What would it be like to experience life, death and religious enlightenment as a video game or immersive environment? This is what Lu Yang tries to do in two mesmerizing exhibitions, at Amant in Brooklyn and the Museum of the Moving Image in Queens, that channel Buddhist and Indian philosophy into animated and artificial intelligence images.
While A.I. speeds along, upending any number of careers and lives, some in the art world have chosen to embrace it while also, in a sense, subverting it. These artists — for instance, Ian Cheng, Lawrence Lek or Holly Herndon and Mat Dryhurst, many of them Asian, integrate A.I., gaming and other tech-heavy aesthetics into their work.
More important, A.I. is becoming something of a contested medium, like photography was in the 19th- century, when painters were supposed to draw from life, and to be caught using photographs as reference material could damage an artist’s reputation.
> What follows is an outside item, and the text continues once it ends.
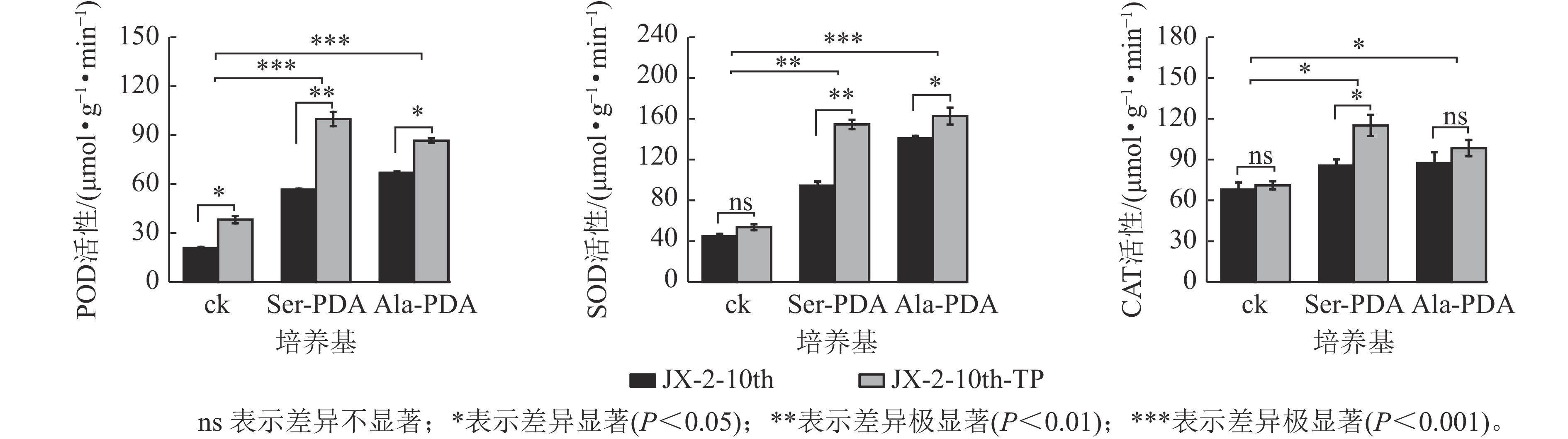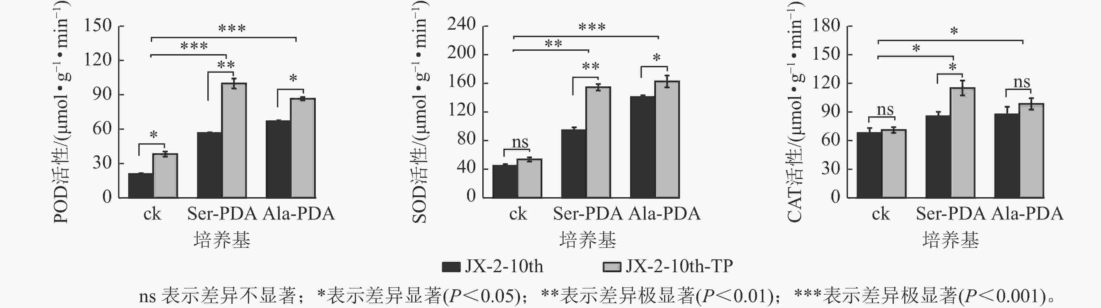如图5所示:POD通过催化机体内过氧化氢发生氧化还原反应,清除体内H2O2。JX-2-10th-TP在PDA (ck)、Ser-PDA和Ala-PDA中培养的菌丝的POD活性均显著提高(P<0.05),分别比纯化前提高了84.20%、78.09%、29.41%。SOD主要通过催化超氧阴离子发生歧化反应,清除机体内积累的超氧阴离子。JX-2-10th-TP在ck的菌丝SOD活性较JX-2-10th提高了20.07%,在PDA+ Ser和PDA+Ala的培养基中,JX-2-10th-TP的SOD活性均显著提高(P<0.05),分别提高了63.70%、15.41%。CAT是主要承担机体内过氧化氢的分解,抑制过氧化氢堆积。JX-2-10th-TP在ck中培养的菌丝的CAT活性较JX-2-10th有所提高;在Ser-PDA培养基中,JX-2-10th-TP的SOD活性显著提高(P<0.05),比JX-2-10th提高34.56%;而在Ala-PDA培养基中,JX-2-10th-TP的SOD活性较JX-2-10th提高了12.56%,但未达显著差异。由上可知,尖端纯化能有效恢复退化秀珍菇菌株的抗氧化酶POD、SOD和CAT活性,且在Ser-PDA或Ala-PDA培养基中恢复效果更佳。

A.I. is the new technological bugaboo.
Lu Yang is a Shanghai-born artist, who lives in Tokyo. I first saw his work (the artist is gender-neutral and uses he/him pronouns) on the internet, where there are 80 videos by him on Vimeo. Popular ones include “Uterus Man” (2013), which uses Japanese manga and anime, as well as gaming technology and electronic music, to create an androgynous superhero, and “LuYang Delusional Mandala” (2015), which delves into neuroscience and the Buddhist concept of the afterlife.
Five years ago, in an exhibition devoted to Chinese film and video in Berlin, Lu Yang, who is now 41, was showcased alongside older artists like Cao Fei and Zhang Pelli. Next to their meditative, contemplative video works — Pelli is often referred to as China’s first video artist — Lu Yang’s registered like a frenzied shock to the nervous system.